→ **Entries shown**:
━━━━━━━━━━━━━━━━━━━━━━━━━━━━━━

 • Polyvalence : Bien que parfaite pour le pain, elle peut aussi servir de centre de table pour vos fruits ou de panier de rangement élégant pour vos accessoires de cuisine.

━━━━━━━━━━━━━━━━━━━━━━━━━━━━━━

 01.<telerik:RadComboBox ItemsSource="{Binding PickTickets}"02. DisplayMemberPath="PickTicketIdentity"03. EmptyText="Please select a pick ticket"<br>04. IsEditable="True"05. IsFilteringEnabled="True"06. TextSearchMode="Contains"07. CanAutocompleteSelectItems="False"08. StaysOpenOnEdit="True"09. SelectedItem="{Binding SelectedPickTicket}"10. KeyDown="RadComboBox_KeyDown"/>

━━━━━━━━━━━━━━━━━━━━━━━━━━━━━━

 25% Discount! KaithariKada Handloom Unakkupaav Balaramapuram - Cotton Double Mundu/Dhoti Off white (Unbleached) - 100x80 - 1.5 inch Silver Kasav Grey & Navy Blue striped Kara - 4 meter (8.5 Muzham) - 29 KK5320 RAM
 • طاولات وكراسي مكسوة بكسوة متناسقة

━━━━━━━━━━━━━━━━━━━━━━━━━━━━━━

→ **Directions**:
Please give back, exactly as it stands above, the stretch from the line with "25% Discount! KaithariKada" through the line with "مكسوة بكسوة متناسقة", and no line outside it.

→ **Solution to this exercise**:
 25% Discount! KaithariKada Handloom Unakkupaav Balaramapuram - Cotton Double Mundu/Dhoti Off white (Unbleached) - 100x80 - 1.5 inch Silver Kasav Grey & Navy Blue striped Kara - 4 meter (8.5 Muzham) - 29 KK5320 RAM
 • طاولات وكراسي مكسوة بكسوة متناسقة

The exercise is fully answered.